4.1.7. Model testing
Let's demonstrate the performance on a test dataset. Standard model test statistics for each stage are F1, Accuracyagain Remember. We can see the best performance in target emotions, with F1 scores above 0.7, in most cases. Full functionality is on the model card.
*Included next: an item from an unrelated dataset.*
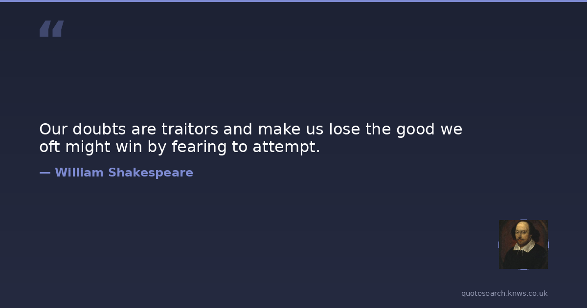 Our doubts are traitors and make us lose the good we oft might win by fearing to attempt.

| Emotion | Accuracy | Remember | F1 | N |
| to be praised | 0.7415 | 0.6354 | 0.6844 | 993 |
| entertainment | 0.7810 | 0.7422 | 0.7611 | 543 |
| anger | 0.7423 | 0.7367 | 0.7395 | 395 |
| to be angry | 0.7049 | 0.5452 | 0.6148 | 609 |
| confusion | 0.7576 | 0.8251 | 0.7899 | 303 |
| disappointment | 0.8487 | 0.8459 | 0.8473 | 305 |
| disapproval | 0.7208 | 0.5841 | 0.6453 | 517 |
| disgust | 0.8396 | 0.9368 | 0.8856 | 190 |
| happiness | 0.8240 | 0.9366 | 0.8767 | 205 |
| fear | 0.9112 | 0.9686 | 0.9390 | 159 |
| happiness | 0.7577 | 0.8024 | 0.7794 | 339 |
| love | 0.7424 | 0.7903 | 0.7656 | 496 |
| hope | 0.8145 | 0.7636 | 0.7882 | 368 |
| sadness | 0.8534 | 0.8899 | 0.8713 | 327 |
| to be surprised | 0.8456 | 0.8555 | 0.8505 | 256 |
| Great accuracy | 0.8295 | |||
| Macro remember | 0.8184 | |||
| Micro F1 | 0.7527 | |||
| Macro F1 | 0.8215 |
5. Summary
Now let's summarize the key points in the article. Requirements and full code are in this repo.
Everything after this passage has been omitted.